> _Work to be completed_
Reproduce exactly the lines from the one containing "In the Gr 1" through the end of the listing, minus the pictures.

-- Information provided follows --

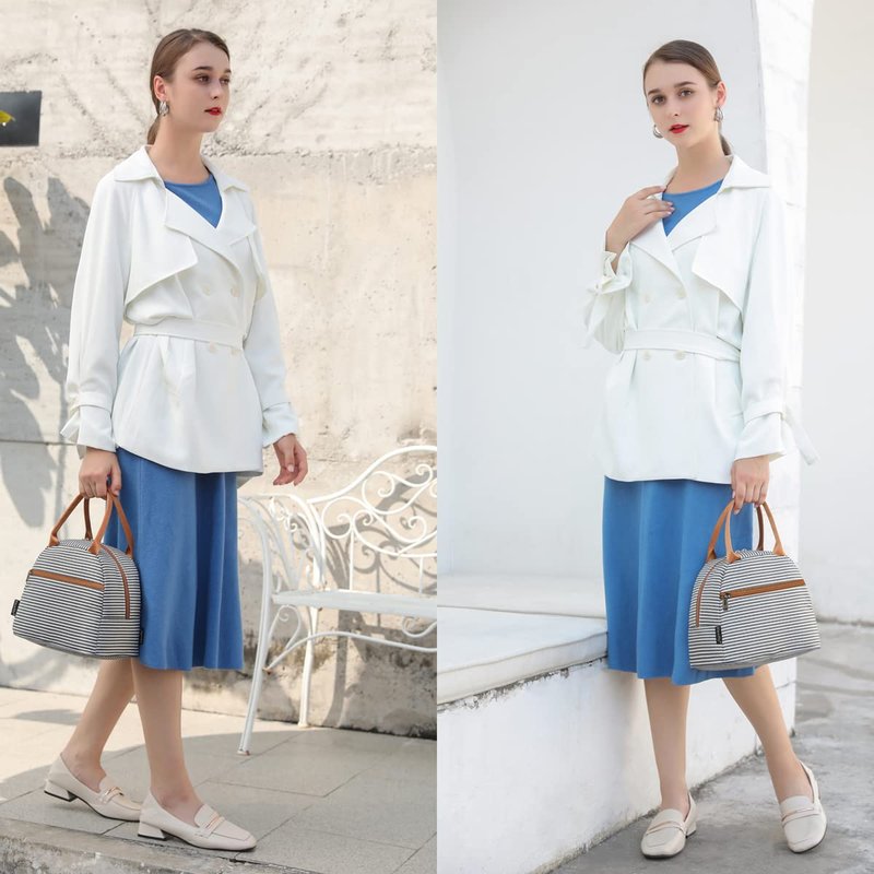 FlowFly Lunch Bag Tote Bag Lunch Organizer Lunch Holder Insulated Lunch Cooler Bag for Women/Men,White&Black Stripe
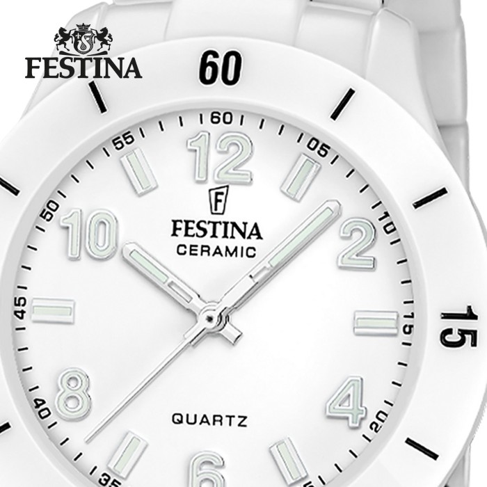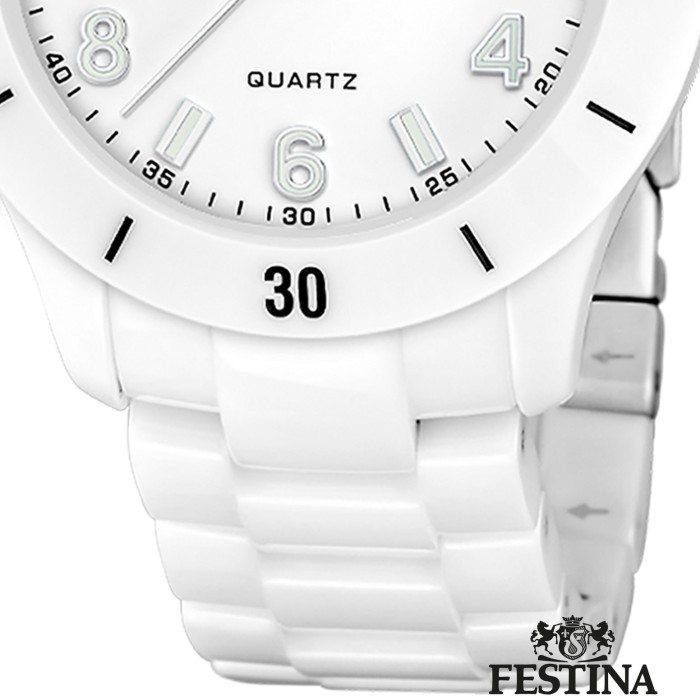 Diese einzigartige Uhr für Damen aus der aktuellen Festina Keramik Kollektion garantiert hohen Tragekomfort durch das hochwertige Keramik-Armband in weiß. Die Armbanduhr mit analoger Anzeige ist ein zuverlässiger Begleiter in Alltag und Freizeit.Die FESTINA Keramik Kollektion besticht durch ihre kosmopolitische Ausstrahlung. Aus hochwertiger, kratzfester High-Tech-Keramik gefertigt, bieten sie eine einzigartige Kombination aus Design und außergewöhnlicher Langlebigkeit.
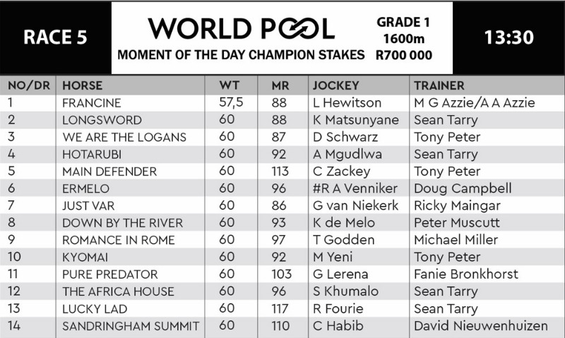In the Gr 1 World Pool Moment Of The Day Champion Stakes the top two-year-old male, the undefeated Lucky Lad, lines up and will likely have to use his exhilarating turn of foot, because he might well be dropped out from draw 13. His possible chief rival Sandringham Summit is drawn even wider in 14, but came from a mile back when winning the Gr 2 Durban Golden Horseshoe. The undefeated Main Defender could still be anything and is drawn well. Longsword, Ermelo and The Africa House are scopey, long-striding sorts who could earn cheques.
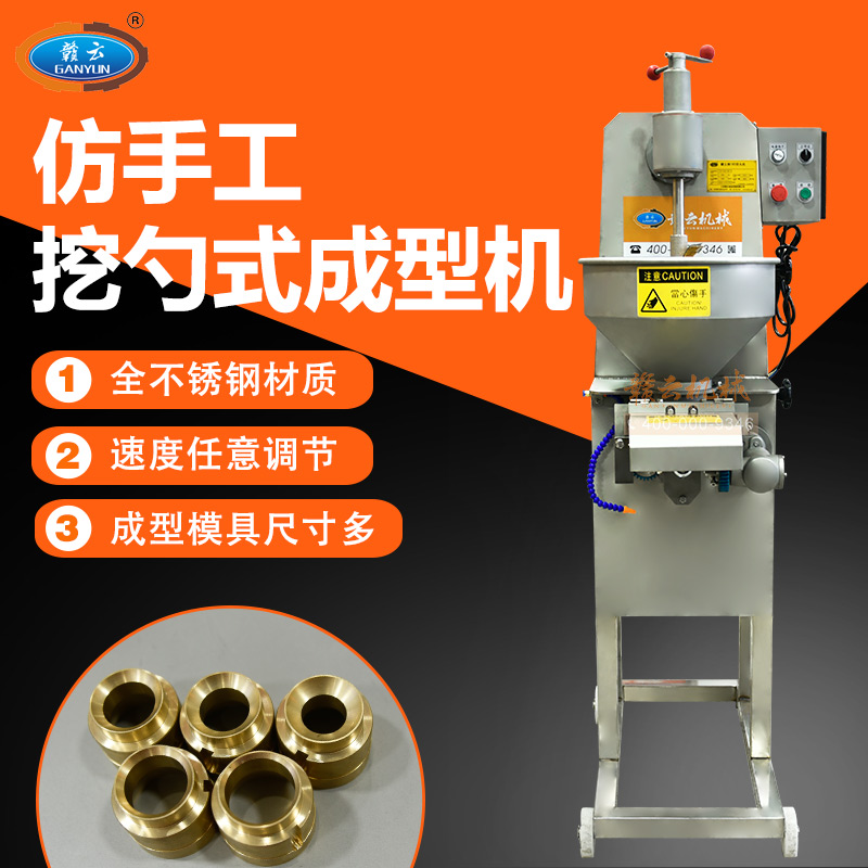 全自動仿手工擠丸挖式成型機,又稱墨魚丸成型機或高速貢丸成型機,是一款完全仿手工用匙子成型的設備。不同于普通成型機的刀片切割,用開明型鋼勺自動舀挖出丸子,做出丸子具有彈性好,圓度好、外表皮光滑或保持原漿體顆粒,還可以拔層的特點,。特別在做貢丸和牛肉丸這些有肉筋的丸子的時更能顯示其顯著的性能。

-- Information provided concluded --

> _Written solution_
In the Gr 1 World Pool Moment Of The Day Champion Stakes the top two-year-old male, the undefeated Lucky Lad, lines up and will likely have to use his exhilarating turn of foot, because he might well be dropped out from draw 13. His possible chief rival Sandringham Summit is drawn even wider in 14, but came from a mile back when winning the Gr 2 Durban Golden Horseshoe. The undefeated Main Defender could still be anything and is drawn well. Longsword, Ermelo and The Africa House are scopey, long-striding sorts who could earn cheques.
 全自動仿手工擠丸挖式成型機,又稱墨魚丸成型機或高速貢丸成型機,是一款完全仿手工用匙子成型的設備。不同于普通成型機的刀片切割,用開明型鋼勺自動舀挖出丸子,做出丸子具有彈性好,圓度好、外表皮光滑或保持原漿體顆粒,還可以拔層的特點,。特別在做貢丸和牛肉丸這些有肉筋的丸子的時更能顯示其顯著的性能。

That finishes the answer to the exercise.